Early recognition of respiratory support failure is a crucial factor that can significantly impact the outcome of patients with COVID-19 and AHRF. During the COVID-19 pandemic, High Flow Nasal Cannula oxygen therapy (HFNC) was introduced as a noninvasive respiratory support for patients with COVID-19 pneumonia and AHRF. The positive effects of HFNC before the pandemic were first recognized in pediatric population (4). The use of HFNC for respiratory support in adults has been on the rise since the 2000s (5) and it was recommended in the guidelines even before the pandemic era. American College of Physicians (6) and European Society of Intensive Care Medicine (7) recommended the use of HFNC over noninvasive positive pressure ventilation (NIPPV) for treating AHRF. European Respiratory Society released the clinical guidelines for using High-Flow Nasal Cannula in acute respiratory failure implying that it had the advantage over Conventional Oxygen Therapy (COT) and NIPPV (8). In systematic review and meta-analysis (9), which included twenty five randomized clinical trials of patients with AHRF, all studies showed lower risk of intubation when the HFNC was used. In COVID-19, AHRF primarily occurs as a result of ventilation-perfusion shunt. In the majority of cases, this condition manifests clinically and radiologically as acute respiratory distress syndrome (ARDS). The benefits of HFNC in COVID-19 patients with AHRF vary across different studies. For instance, the randomized clinical trial conducted by the Ospina et al. (10) demonstrated advantages of HFNC over COT in terms of reduced intubation incidence and shorter time to recovery. However, the RECOVERY-RS trial (11) found no benefits of HFNC in terms of intubation and mortality rate. Our study aimed to examine HFNC outcomes in COVID-19 patients with pneumonia and severe AHRF.

2. Methodology

2.1. Study population and selection criteria

Our retrospective study included patients admitted to the tertiary-level care University Clinical Centre of Vojvodina at the dedicated COVID facility “Mišeluk,” from October 2021 to April 2022 with following eligibility criteria: ≥18 years of age, SARS-CoV-2 detected in nasopharyngeal swab using real-time reverse transcription-polymerase chain reaction assay, clinical and radiological signs of pneumonia (bilateral and peripheral ground-glass opacities and consolidations) (12), SpO2 < 94% on room air at sea level, respiratory rate > 30 breaths/min (13) and SaO₂/FiO₂ ratio < 315 mmHg. SaO₂/FiO₂ was used as a surrogate of PaO₂/FiO₂ ratio due to resource limitations, as it was recently proposed as an alternative criterion for acute respiratory distress syndrome (ARDS) (14). This has been supported by several previous studies involving COVID-19 patients with severe AHRF (15–17). The exclusion criteria were: the use of any other respiratory support prior to HFNC, duration of the HFNC less than 24 h; patients with hypercapnic respiratory failure and respiratory acidosis who were treated consequently with NIPPV, those with clinical signs of shock and the ones who required immediate intubation were also excluded. According to the WHO Progression Scale, patients were classified as severe disease with score 6 (13) after a short course of COT (less than 2 h) without achieving the peripheral oxygen saturation ≥ 90% at oxygen flow rate ≥ 15 L/min using a facial mask or non-rebreathing mask and without resolving the signs of respiratory distress.

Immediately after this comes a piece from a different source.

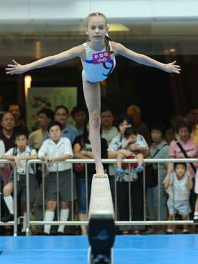将军澳新都城中心26日变身体操场馆,邀得高拔,并带来她三位小得意门生──8岁的Sophia、10岁的Sydney和11岁的Rebecca,为市民展示技艺。表演项目有自由体操、高低杠及平衡木,三位小体操选手的精彩表演引来不少市民围观叫好。

2.2. Treatment protocol and patient groups

During the abovementioned period, 1,033 patients with COVID-19 pneumonia and acute hypoxemic respiratory failure were admitted to the High Dependency Unit (HDU). HFNC was provided via mechanical ventilators (Prunus Medical Boaray 5000D, Shenzhen, Guangdong, China) using the high-flow oxygen therapy mode. The initial flow rate of 30 to 60 L/min, alongside FiO₂ up to 100%, were subsequently adjusted to achieve a target oxygen saturation of ≥92% while reducing dyspnea and respiratory rate. There were two groups based on their oxygen therapy needs: those who exclusively required HFNC (HDU group) and those whose oxygen therapy needed to be escalated [NIPPV or invasive mechanical ventilation (IMV)] at some point of hospital stay (ICU group) due to the low SpO₂ levels and signs of respiratory distress (tachypnea, dyspnea, usage of the auxiliary respiratory musculature). All patients were treated with either the standard of care (SOC) therapy or SOC along with baricitinib according to the National Institutes of Health guidelines for treatment of COVID-19 hospitalized patients (13).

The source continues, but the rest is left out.